Pour de nombreuses raisons, le télétravail attire de plus en plus l’attention des salarié(e)s et des entreprises. Ce mode de travail fait des adeptes de plus en plus nombreux. Nous avons attiré l’attention sur les opportunités et les écueils potentiel de la mise en place d’une telle façon de travailler au sein des entreprises. Il est nécessaire de traiter ce sujet avec le plus grand des sérieux au sein des entreprises qui désirent l’adopter.
Il est vrai que les ordonnances travail, dans un esprit de simplification et facilitation, n’obligent plus maintenant de rédiger un avenant au contrat de travail. Comme Muriel Pénicaud, Ministre du travail l’a rappelé récemment, un simple mail de demande d’un salarié peut suffire pour télétravailler.
Cependant les entreprises ont tout intérêt, pour éviter de nombreux désagréments à mieux formaliser. De plus, l’employeur conserve de nombreuses obligations qu’il ne doit pas sous-estimer.
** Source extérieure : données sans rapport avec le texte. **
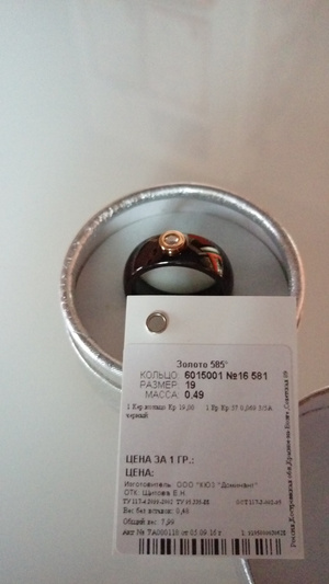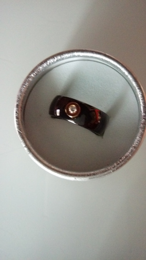 Кольцо из черной керамики, вставка - золото красное 585 +бриллиант Кр 57 0,069 3/5А. Вес вставки - 0,49. Общий вес кольца - 7,99. Ширина шинки - ок 8 мм. Цена - 7500 руб.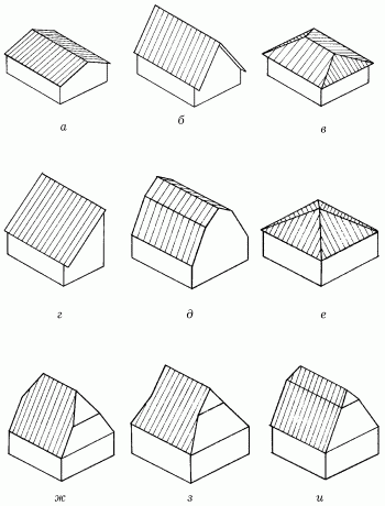 Рис. 24. Виды скатных крыш: а – пологая двускатная; б – крутая двускатная; в – вальмовая четырехскатная; г – односкатная (в форме парты); д – ломаная (мансардная) двускатная; е – шатровая четырехскатная; ж, з, и – полувальмовые (мансардные) четырехскатные.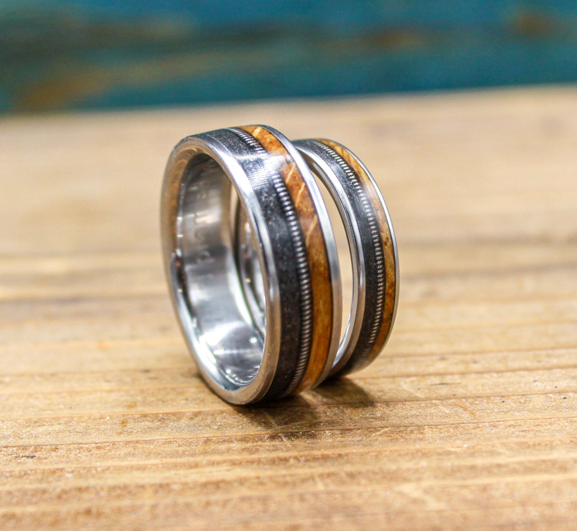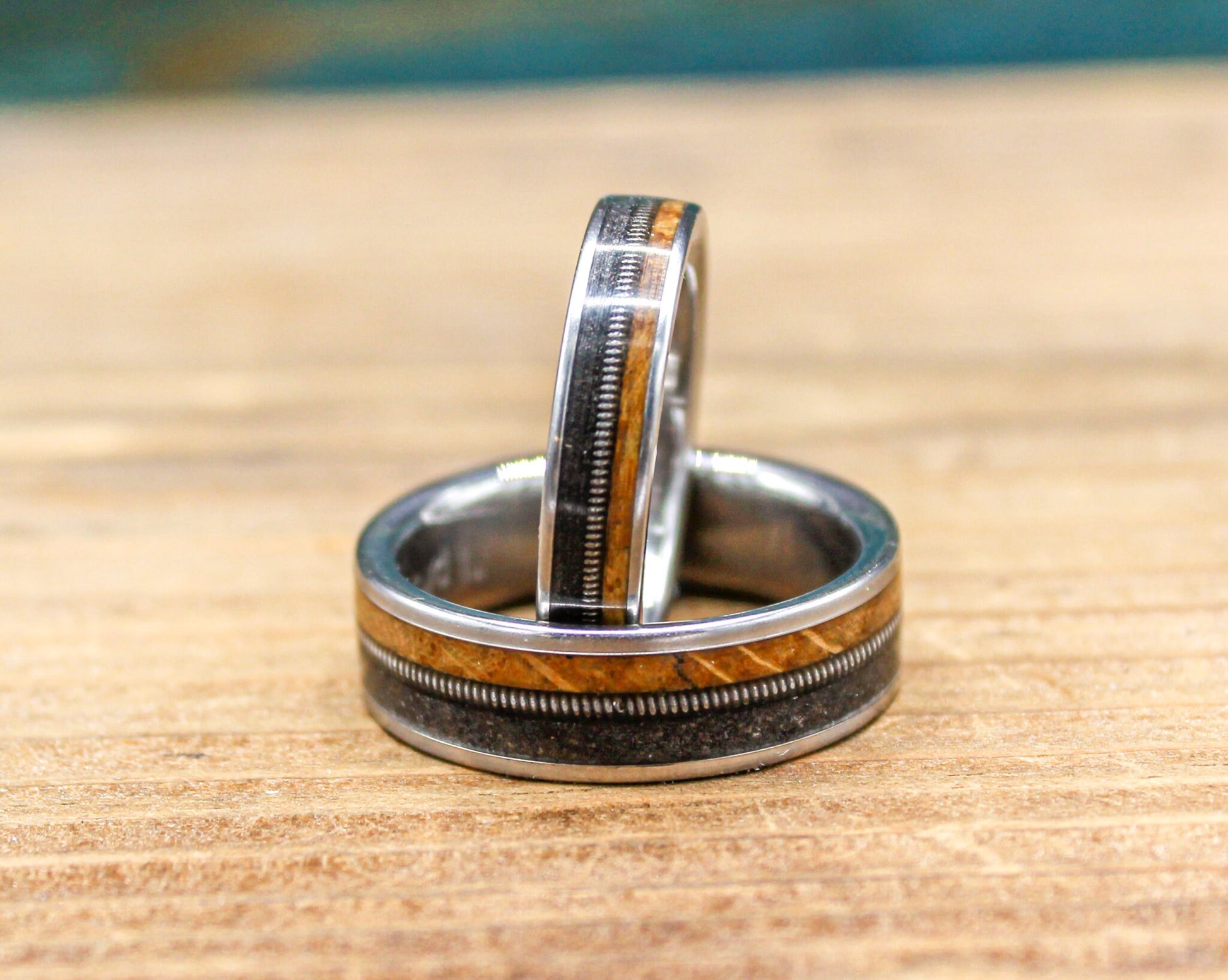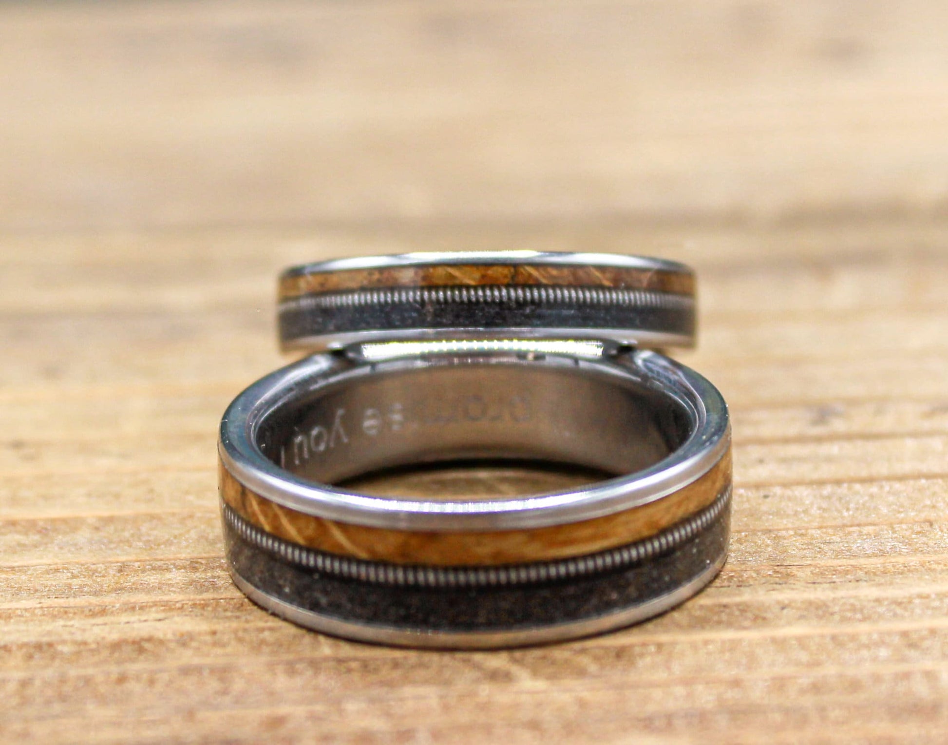 Gunslinger His and Hers Wedding Band Set - Titanium Couples Rings with Whiskey Barrel Wood and Guitar String Inlays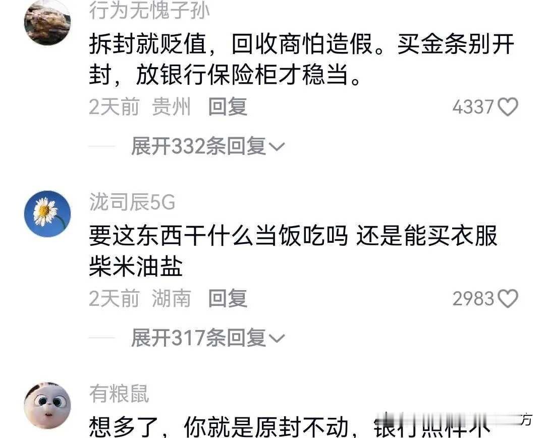 485元买的金条涨到800元, 她去变现时却傻了! 黄金投资的坑,远比你想的多 两年前听银行姐姐建议,485元/克囤了100克金条;两年后金价飙到800元/克,账面净赚31500元——这本该是个完美的投资逆袭故事,可当网友兴冲冲去变现时,现实却给了她一记响亮的耳光。 2023年,国际金价处于阶段性低点,银行工作的姐姐凭着“专业嗅觉”,力劝妹妹把积蓄换成金条。尽管485元/克的价格在普通人眼里已不算低,但姐姐笃定金价还会涨。妹妹半信半疑买下100克,没想到真押中了“黄金牛市”,短短两年金价冲破800元大关,金条成了她眼里“会下金蛋的鹅”。 可当她揣着金条重返当初购买的银行,却被泼了盆冷水:银行明确拒收。明明是自家卖出的金条,为何不给回收?柜员的答复让她瞬间懵了——“塑封膜拆了就视同流通品,我们只收未拆封、证书齐全的原厂包装”。原来她当初好奇拆开看了一眼,这道小小的“开封痕迹”,竟成了变现的第一道拦路虎。 无奈之下,她转向街头挂着“高价回收黄金”的金店,结果发现这里的套路更深。金店给出的报价直接大跳水:拆封金条仅700元/克,原封的也才750元/克,要是被认定为“旧款”,还得再扣40元/克的“款式折旧费”。层层压价下来,原本3万多的预期收益,硬生生缩水近一半,让她心力交瘁。 这起真实案例,撕开了黄金投资的“遮羞布”:很多人只看到金价上涨的红利,却压根没摸清变现的门道。银行回收的苛刻要求(原厂包装、完整证书、无划痕),几乎把普通投资者的变现路堵死;而民间金店的“高价回收”,不过是吸引客源的噱头,实际报价里藏着各种隐性扣费。 网友们对此炸开了锅:有人直言“黄金不能当饭吃,普通人投资纯属折腾”;有人点破关键“回收商怕开封金条造假,买了千万别拆封,最好存银行保险柜”;还有人吐槽“国内黄金市场和国际脱节,再涨价也难真正赚到钱”。 事实上,黄金作为传统避险资产,在通胀、经济动荡时确实能对冲风险,2023-2025年的金价暴涨也让少数人赚得盆满钵满。但它的投资风险,远比收益更值得警惕: 其一,流动性陷阱。黄金本身不产生利息、分红,收益全靠价格上涨,可一旦需要变现,就会面临银行拒收、金店压价的窘境,账面盈利未必能落袋为安; 其二,市场波动风险。金价受全球经济、地缘政治、货币政策等多重因素影响,暴涨之后可能迎来暴跌,盲目追高极易被“套牢”; 其三,认知误区。有人轻信“黄金稳赚不赔”,却忽略了不同渠道的交易规则,比如银行金条和首饰金的回收标准天差地别,限量版金条的收藏属性远大于投资属性,普通人根本没渠道变现。 更离谱的是,文中还出现了脱离普通人实际的“投资建议”——“有余力可配置10公斤黄金,资金不宽裕买1000克也差不多”。要知道,按当前金价算,1000克黄金就需要80万元,10公斤更是高达800万元,这显然不是普通家庭能承受的投资体量,也从侧面暴露了部分黄金投资话术的不切实际。 黄金从来不是普通人的“财富万能解药”。它是把双刃剑,既能抵御通胀,也暗藏变现深坑;既能带来高收益预期,也可能让你竹篮打水一场空。对普通投资者而言,与其眼红金价上涨盲目入场,不如先摸清交易规则、评估自身风险承受能力,少量配置作为资产对冲即可,切莫把身家性命都押在这“金光闪闪”的陷阱上。毕竟投资的核心,从来不是赌一夜暴富,而是让财富在可控风险里稳健增值。 黄金保值又增值 黄金早买早划算 投资金条金价 黄金避险价值 金条行情 投资金条 银行金条价

Et enfin, traiter le télétravail comme malheureusement certaines entreprises le font, sans réflexion, sans profondeur, sans recul, les fait passer à côté d’une opportunité stratégique humaine rare. Celles qui choisissent la facilité sont un peu ceux qui regarde le doigt quand le sage montre la lune…(proverbe chinois bien connu) : elles passent à côté de l’essentiel.
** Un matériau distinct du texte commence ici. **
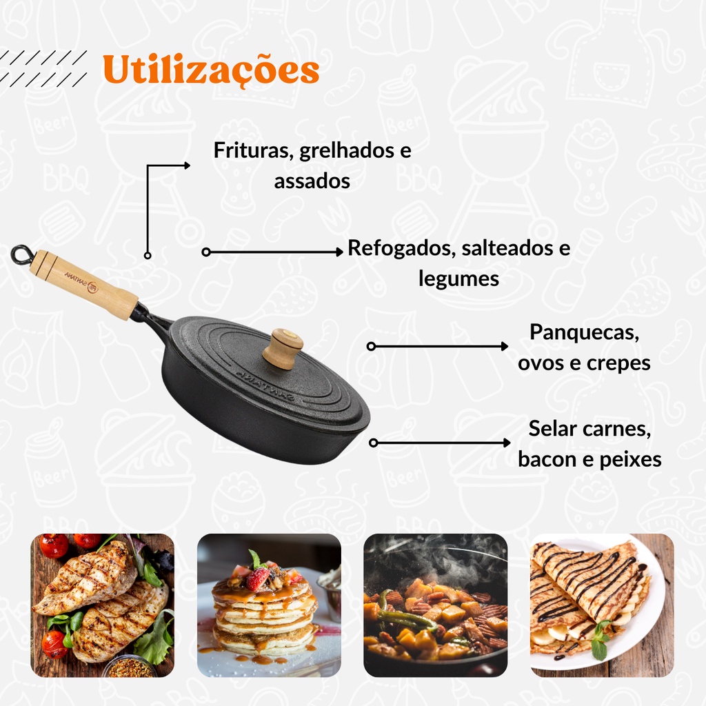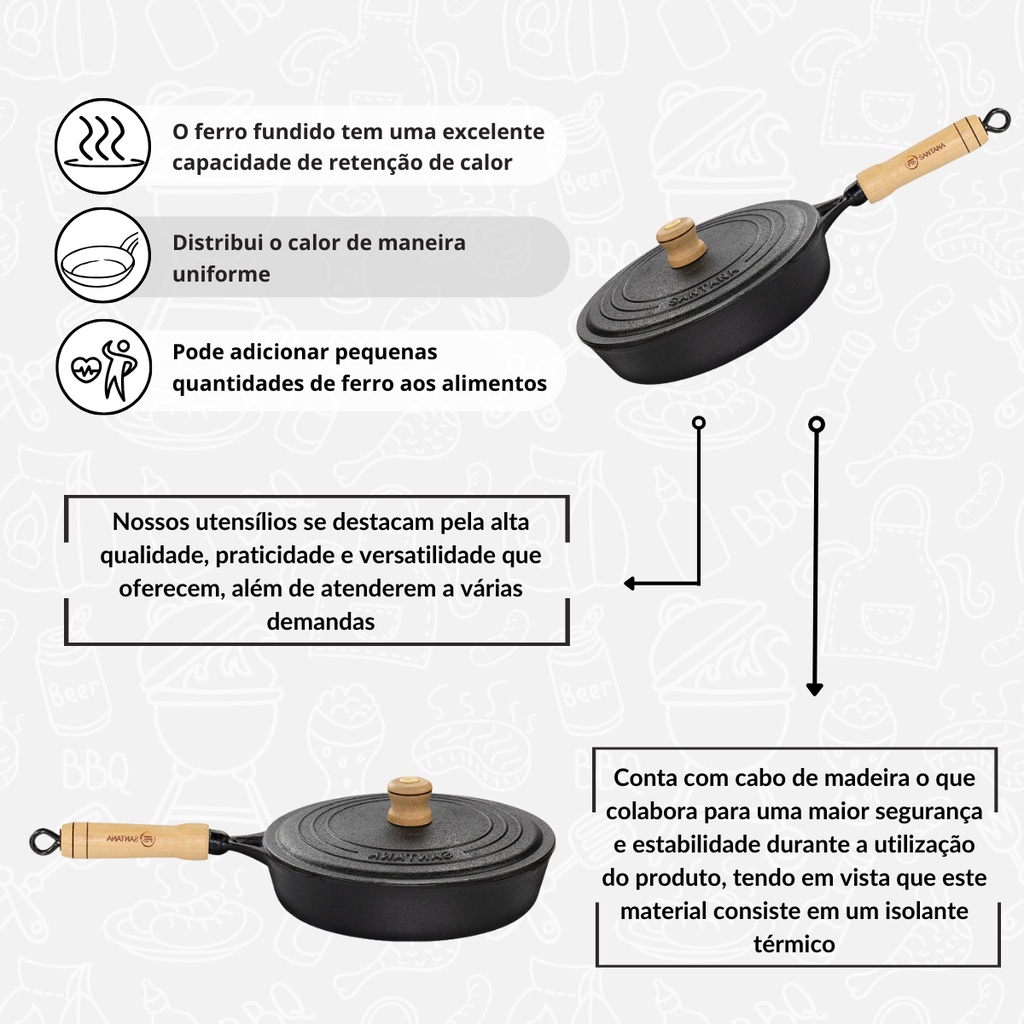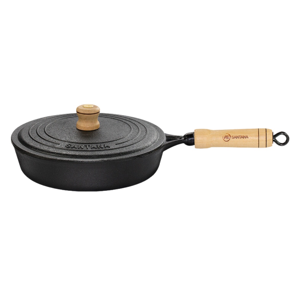 Frigideira De Ferro Fundido Com Tampa 22 cm Cabo Madeira

Faisons le point sur les derniers développements dans ce domaine pour illustrer le dynamisme de ce sujet d’apparence simple.
Proportion de salarié(e)s désirant télétravailler
L’enquête récente de Opinionway – Horoquartz publiée mi-novembre est intéressante par plusieurs aspects. Elle tente de répondre à des questions intéressantes et finalement assez peu traitées : quel est le profil type des télétravailleurs-euses.
Selon cette enquête, 49% des salariés souhaitent télétravailler. On est sur des pourcentages un peu plus modestes que ceux évoqué par le gouvernement qui parle, lui de 61%. Comme les échantillons ne sont pas clairement exposés, il est difficile de savoir si ces enquêtes ne s’adressent qu’à des personne qui pourraient télétravailler (en écartant les postes de production ou de R&D en laboratoire, par exemple).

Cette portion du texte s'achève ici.